The ruby-kafka gem provides low-level access to Kafka clusters. Applications build custom processing logic on top of the client library.

require 'kafka'

class StreamProcessor
  def initialize(brokers)
    @kafka = Kafka.new(brokers)
    @consumer = @kafka.consumer(group_id: 'processing-group')
    @producer = @kafka.producer
  end

  def subscribe_and_process(topic)
    @consumer.subscribe(topic)

    @consumer.each_message do |message|
      process_message(message)
    end
  end

  private

  def process_message(message)
    data = JSON.parse(message.value)
    
    # Transform data
    result = transform(data)
    
    # Write to output topic with same partition key
    @producer.produce(
      result.to_json,
      topic: 'processed-events',
      partition_key: message.key
    )
    
    # Deliver messages periodically
    @producer.deliver_messages if Time.now.to_i % 5 == 0
  end

  def transform(data)
    data.merge(
      processed_at: Time.now.iso8601,
      processor_id: Socket.gethostname
    )
  end

  def shutdown
    @producer.shutdown
    @consumer.stop
  end
end

Windowing Implementation

Ruby applications implement windowing logic explicitly since most Ruby message broker clients don't provide built-in windowing operators.

class TumblingWindowProcessor
  def initialize(window_size_seconds)
    @window_size = window_size_seconds
    @windows = Hash.new { |h, k| h[k] = [] }
    @window_mutex = Mutex.new
  end

  def add_event(event)
    window_key = window_for_event(event)
    
    @window_mutex.synchronize do
      @windows[window_key] << event
    end
    
    # Trigger window if complete
    trigger_window(window_key) if window_complete?(window_key)
  end

  private

  def window_for_event(event)
    timestamp = event[:event_time].to_i
    (timestamp / @window_size) * @window_size
  end

  def window_complete?(window_key)
    current_window = (Time.now.to_i / @window_size) * @window_size
    window_key < current_window
  end

  def trigger_window(window_key)
    events = @window_mutex.synchronize do
      @windows.delete(window_key) || []
    end

    return if events.empty?

    # Compute aggregation
    result = {
      window_start: Time.at(window_key),
      window_end: Time.at(window_key + @window_size),
      event_count: events.size,
      total_value: events.sum { |e| e[:value] }
    }

    emit_window_result(result)
  end
end

# Usage
processor = TumblingWindowProcessor.new(60) # 60-second windows

# Process events
processor.add_event({ event_time: Time.now - 120, value: 100 })
processor.add_event({ event_time: Time.now - 90, value: 150 })
processor.add_event({ event_time: Time.now - 30, value: 75 })

Session Window Implementation

Session windows group events separated by inactivity gaps.

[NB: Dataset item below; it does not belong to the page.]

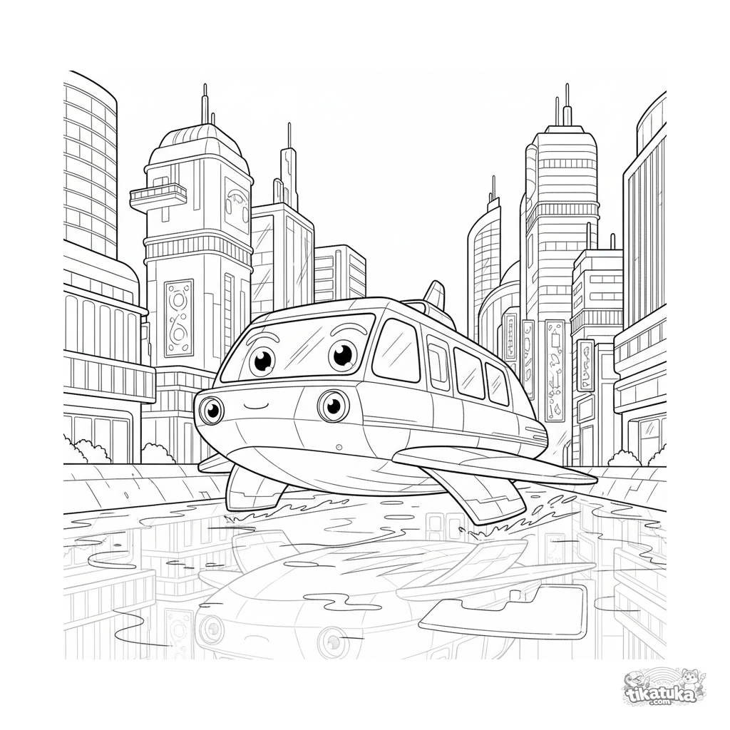 Página para colorear detallada para 10-12 años: un ferri hidroala futurista se desliza por un canal urbano con luces de neón.

This requires tracking timeout periods per key.

class SessionWindowProcessor
  def initialize(timeout_seconds)
    @timeout = timeout_seconds
    @sessions = {}
    @mutex = Mutex.new
  end

  def process_event(event)
    key = event[:key]
    
    @mutex.synchronize do
      session = @sessions[key]
      
      if session.nil? || session_expired?(session)
        # Start new session
        close_session(key) if session
        @sessions[key] = new_session(event)
      else
        # Extend existing session
        session[:events] << event
        session[:last_event_time] = event[:event_time]
      end
    end
  end

  private

  def session_expired?(session)
    Time.now - session[:last_event_time] > @timeout
  end

  def new_session(event)
    {
      key: event[:key],
      events: [event],
      start_time: event[:event_time],
      last_event_time: event[:event_time]
    }
  end

  def close_session(key)
    session = @sessions.delete(key)
    return unless session

    emit_session({
      key: key,
      duration: session[:last_event_time] - session[:start_time],
      event_count: session[:events].size,
      events: session[:events]
    })
  end

  def check_timeouts
    @mutex.synchronize do
      @sessions.select { |_, s| session_expired?(s) }.each_key do |key|
        close_session(key)
      end
    end
  end
end

Stateful Processing with Redis

Redis provides distributed state storage for Ruby stream processors, supporting operations like counters, sets, and sorted sets with atomic operations.

class StatefulStreamProcessor
  def initialize(redis)
    @redis = redis
  end

  def process_click_event(event)
    user_id = event[:user_id]
    page = event[:page]
    timestamp = event[:timestamp].to_i

    # Track unique visitors per page
    @redis.sadd("page:#{page}:visitors", user_id)

    # Track click count per user
    @redis.incr("user:#{user_id}:clicks")

    # Track recent pages in sorted set (score = timestamp)
    @redis.zadd("user:#{user_id}:recent_pages", timestamp, page)
    @redis.zremrangebyrank("user:#{user_id}:recent_pages", 0, -11) # Keep last 10

    # Sliding window counter: clicks in last hour
    hour_ago = timestamp - 3600
    @redis.zremrangebyscore("user:#{user_id}:hourly_clicks", '-inf', hour_ago)
    @redis.zadd("user:#{user_id}:hourly_clicks", timestamp, SecureRandom.uuid)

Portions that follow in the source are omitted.